Among the lines of the listing below, retype exactly those from the one containing "Are you struggling" through the one containing "BOXED, Smith &", both included. Do not include pictures.

▸ Data records:
=== Section Start ===

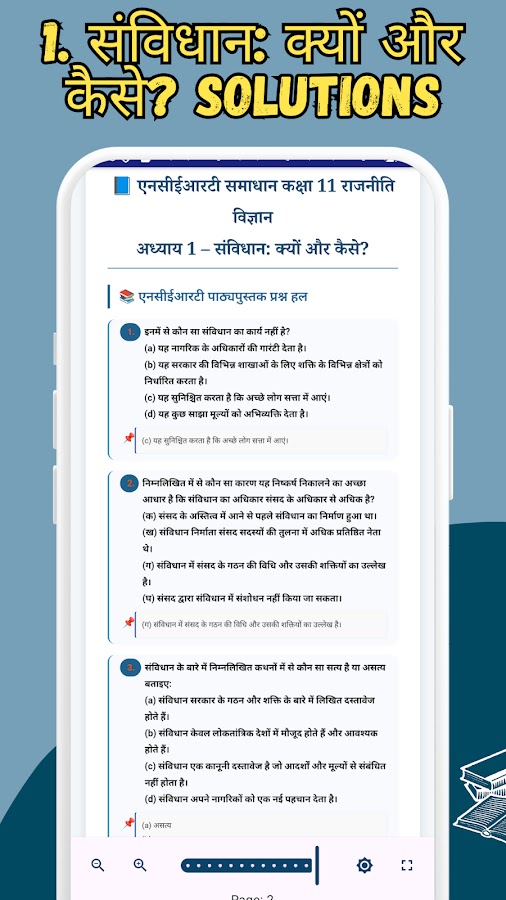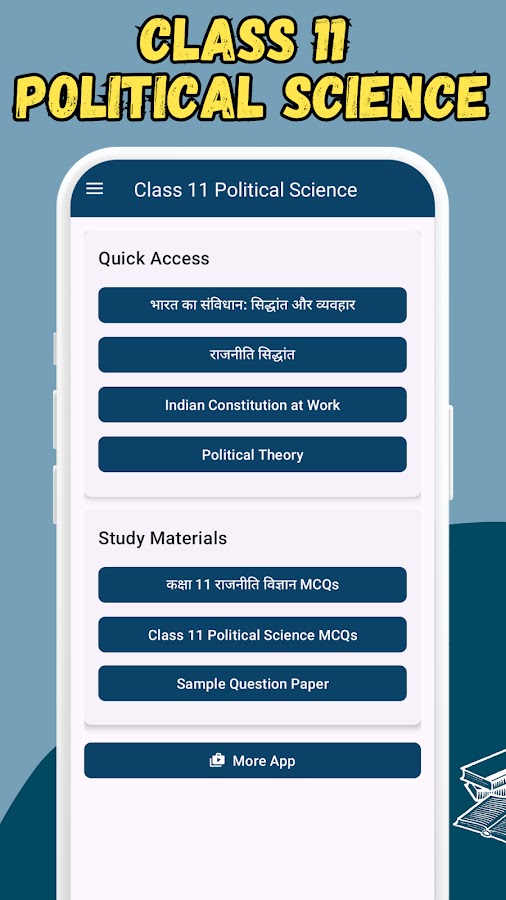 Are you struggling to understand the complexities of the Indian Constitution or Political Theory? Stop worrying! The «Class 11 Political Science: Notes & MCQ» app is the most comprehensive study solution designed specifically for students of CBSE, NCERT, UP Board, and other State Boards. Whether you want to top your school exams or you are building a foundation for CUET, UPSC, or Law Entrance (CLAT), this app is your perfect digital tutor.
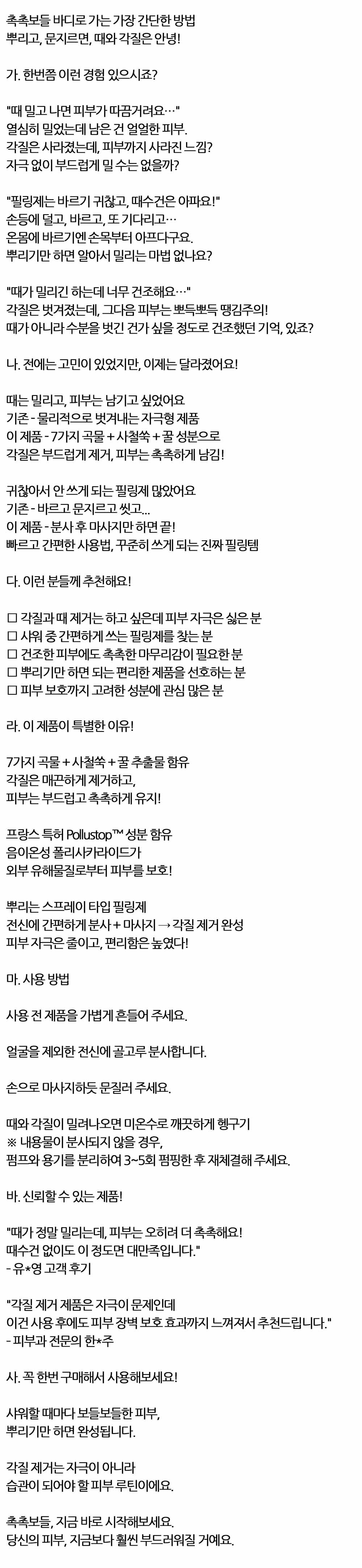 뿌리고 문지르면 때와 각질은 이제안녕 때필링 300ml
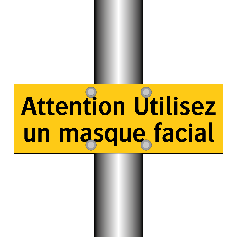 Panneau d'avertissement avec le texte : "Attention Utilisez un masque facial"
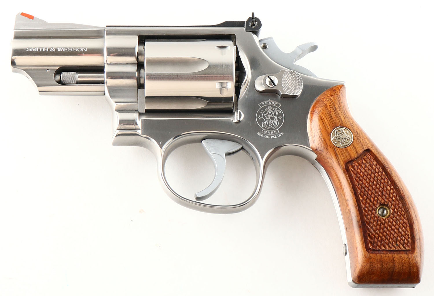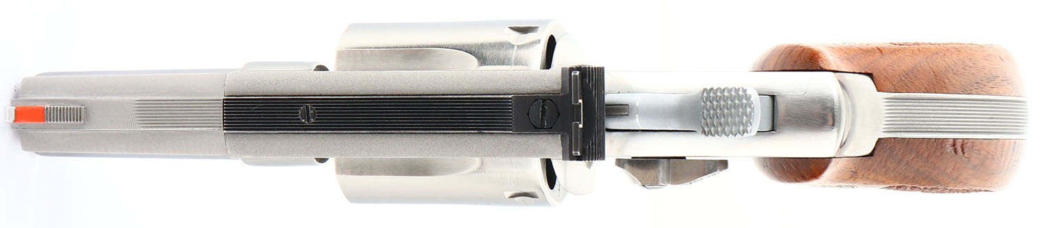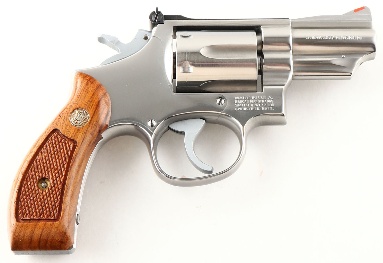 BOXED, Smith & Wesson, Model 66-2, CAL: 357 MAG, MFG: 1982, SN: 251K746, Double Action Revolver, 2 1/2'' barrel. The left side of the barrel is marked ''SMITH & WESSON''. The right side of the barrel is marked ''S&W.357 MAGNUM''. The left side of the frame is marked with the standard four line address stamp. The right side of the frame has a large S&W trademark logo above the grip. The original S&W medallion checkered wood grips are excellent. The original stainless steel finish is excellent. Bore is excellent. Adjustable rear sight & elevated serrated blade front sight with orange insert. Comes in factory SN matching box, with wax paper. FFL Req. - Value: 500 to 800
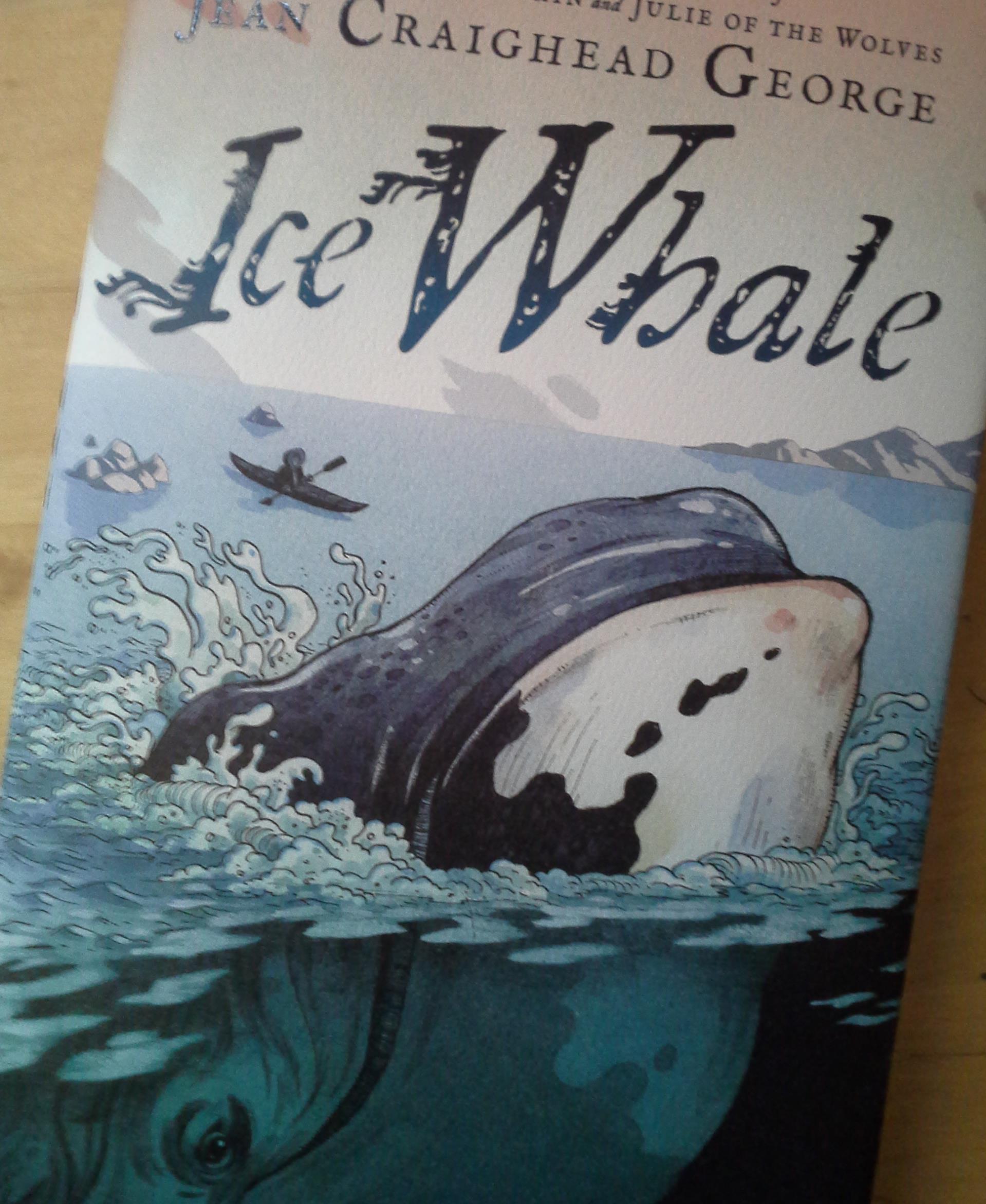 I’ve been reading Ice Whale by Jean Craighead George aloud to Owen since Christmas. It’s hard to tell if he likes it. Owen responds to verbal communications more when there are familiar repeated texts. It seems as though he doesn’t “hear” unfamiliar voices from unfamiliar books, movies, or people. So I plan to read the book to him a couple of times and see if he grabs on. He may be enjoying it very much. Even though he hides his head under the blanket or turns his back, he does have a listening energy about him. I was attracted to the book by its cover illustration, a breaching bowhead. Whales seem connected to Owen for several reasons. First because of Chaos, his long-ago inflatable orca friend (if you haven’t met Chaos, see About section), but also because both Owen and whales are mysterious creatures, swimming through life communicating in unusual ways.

=== Section End ===
=== Section Start ===

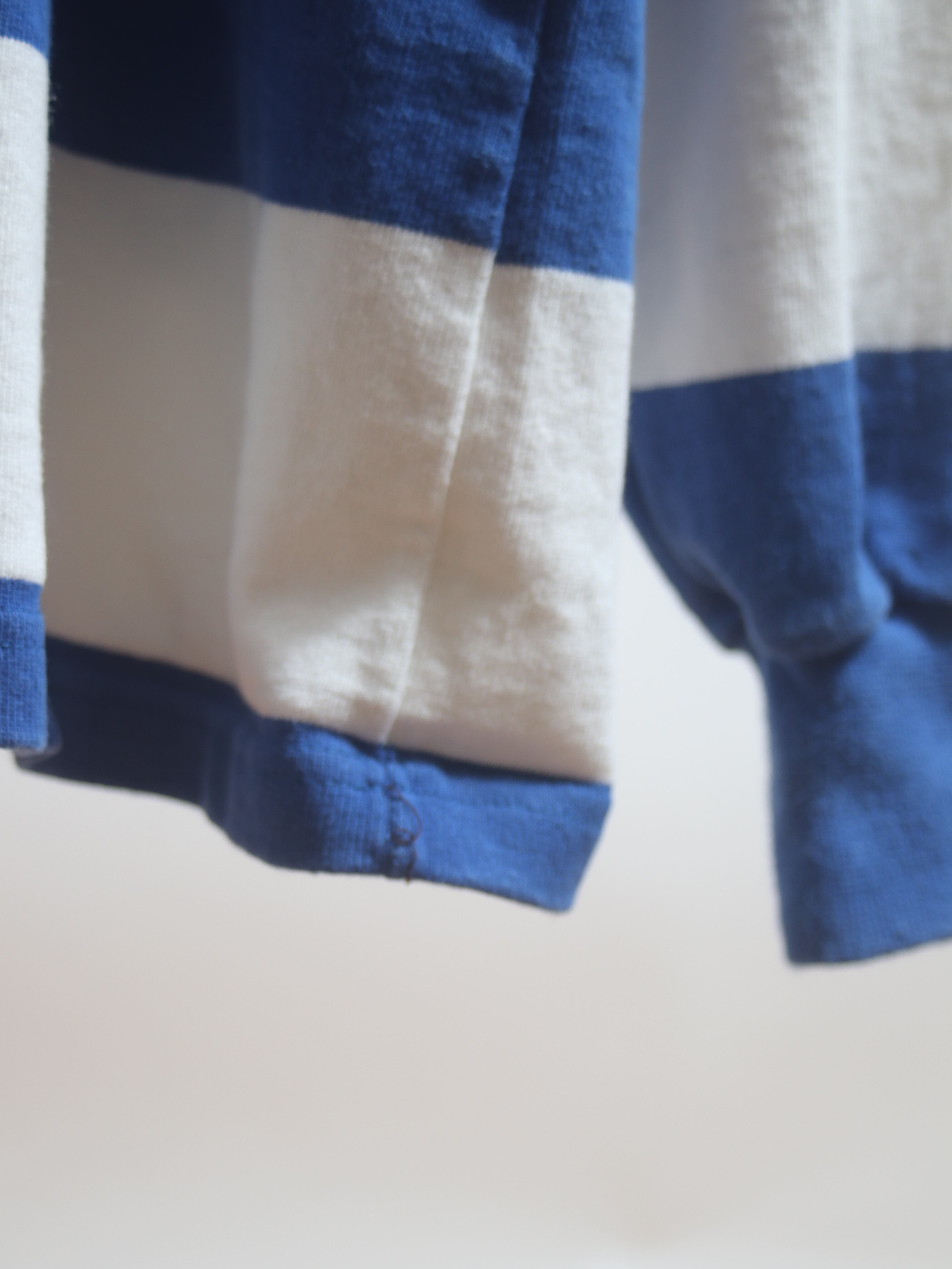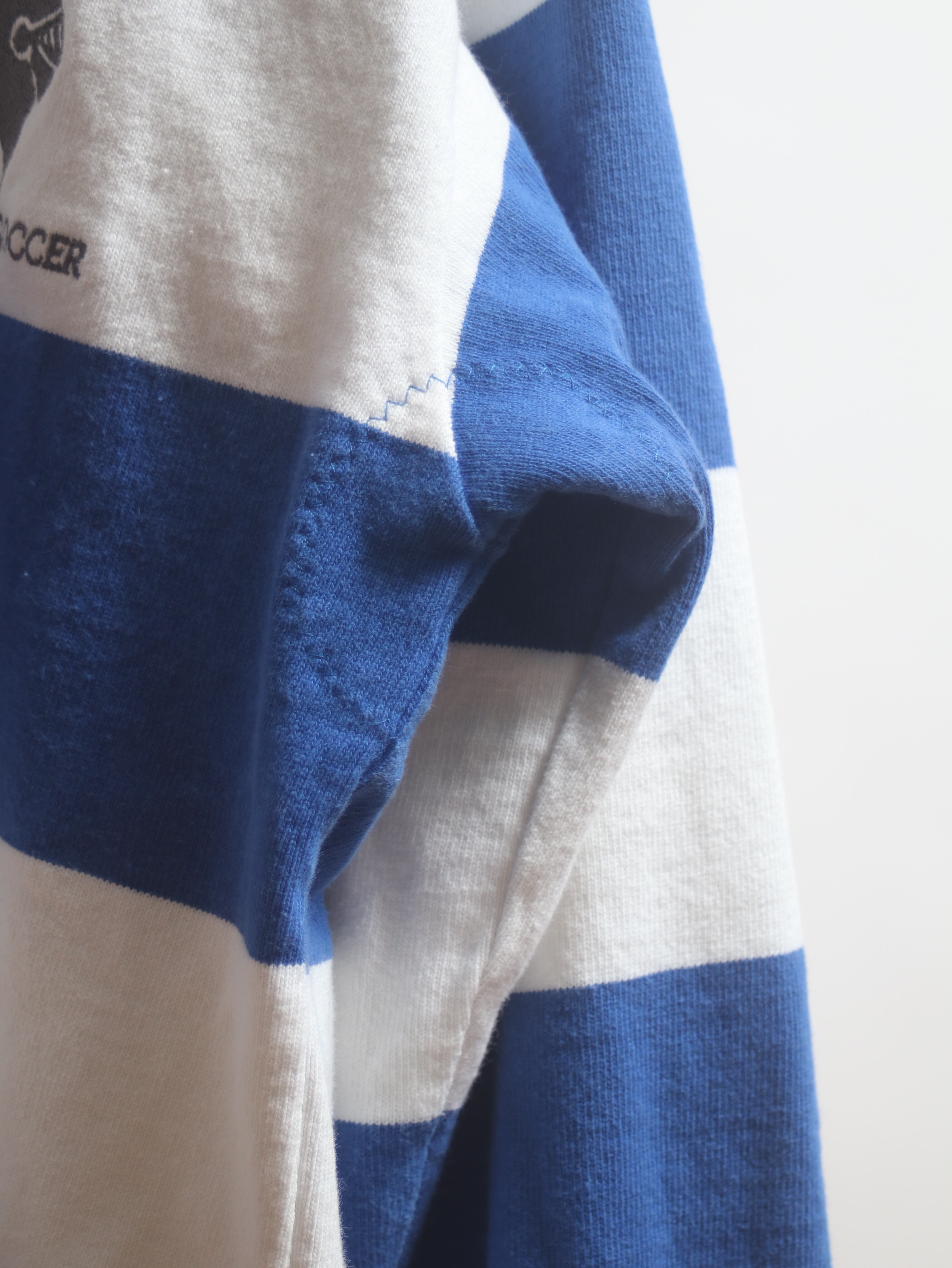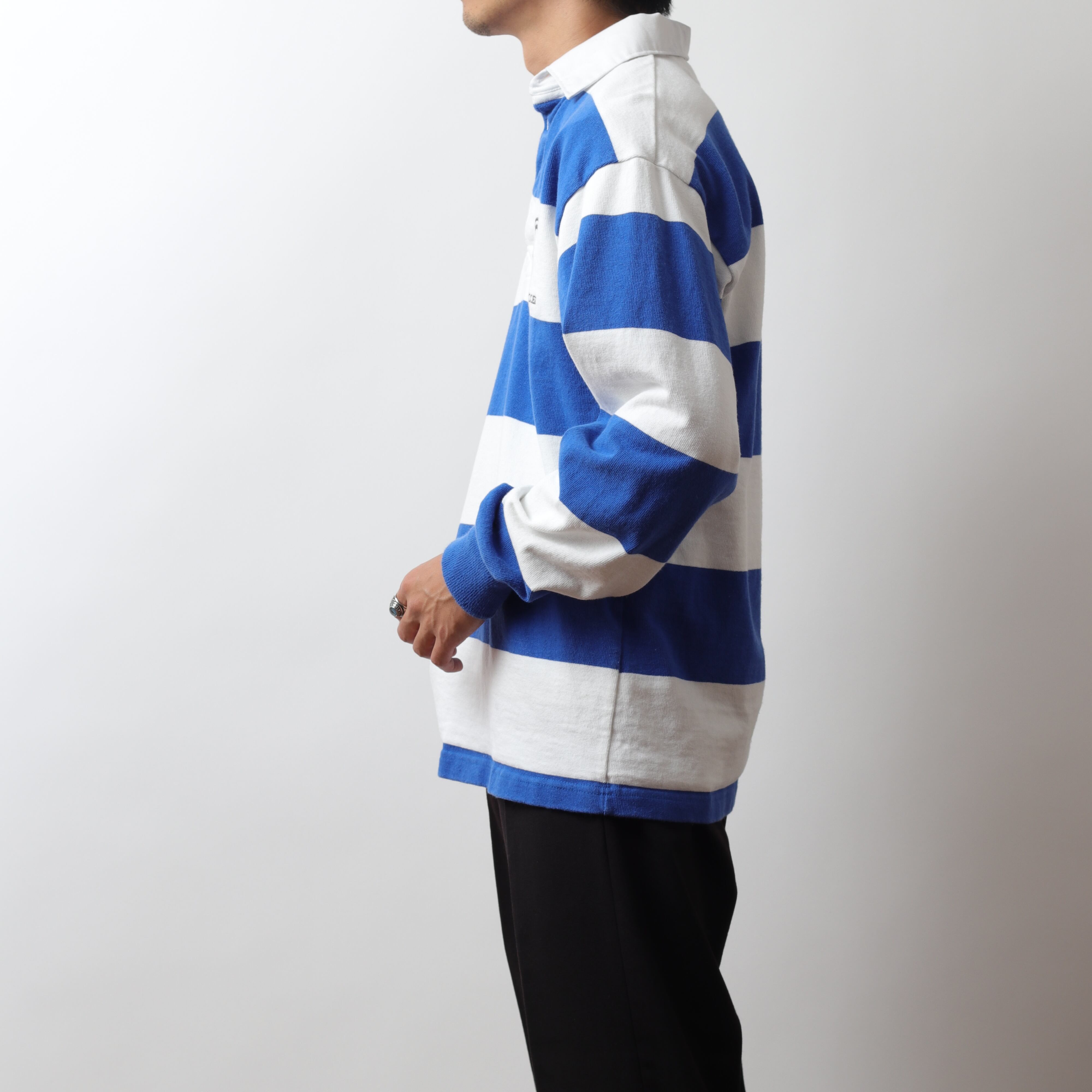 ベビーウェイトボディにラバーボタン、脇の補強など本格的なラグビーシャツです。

=== Section End ===

▸ Result:
 Are you struggling to understand the complexities of the Indian Constitution or Political Theory? Stop worrying! The «Class 11 Political Science: Notes & MCQ» app is the most comprehensive study solution designed specifically for students of CBSE, NCERT, UP Board, and other State Boards. Whether you want to top your school exams or you are building a foundation for CUET, UPSC, or Law Entrance (CLAT), this app is your perfect digital tutor.
 뿌리고 문지르면 때와 각질은 이제안녕 때필링 300ml
 Panneau d'avertissement avec le texte : "Attention Utilisez un masque facial"
 BOXED, Smith & Wesson, Model 66-2, CAL: 357 MAG, MFG: 1982, SN: 251K746, Double Action Revolver, 2 1/2'' barrel. The left side of the barrel is marked ''SMITH & WESSON''. The right side of the barrel is marked ''S&W.357 MAGNUM''. The left side of the frame is marked with the standard four line address stamp. The right side of the frame has a large S&W trademark logo above the grip. The original S&W medallion checkered wood grips are excellent. The original stainless steel finish is excellent. Bore is excellent. Adjustable rear sight & elevated serrated blade front sight with orange insert. Comes in factory SN matching box, with wax paper. FFL Req. - Value: 500 to 800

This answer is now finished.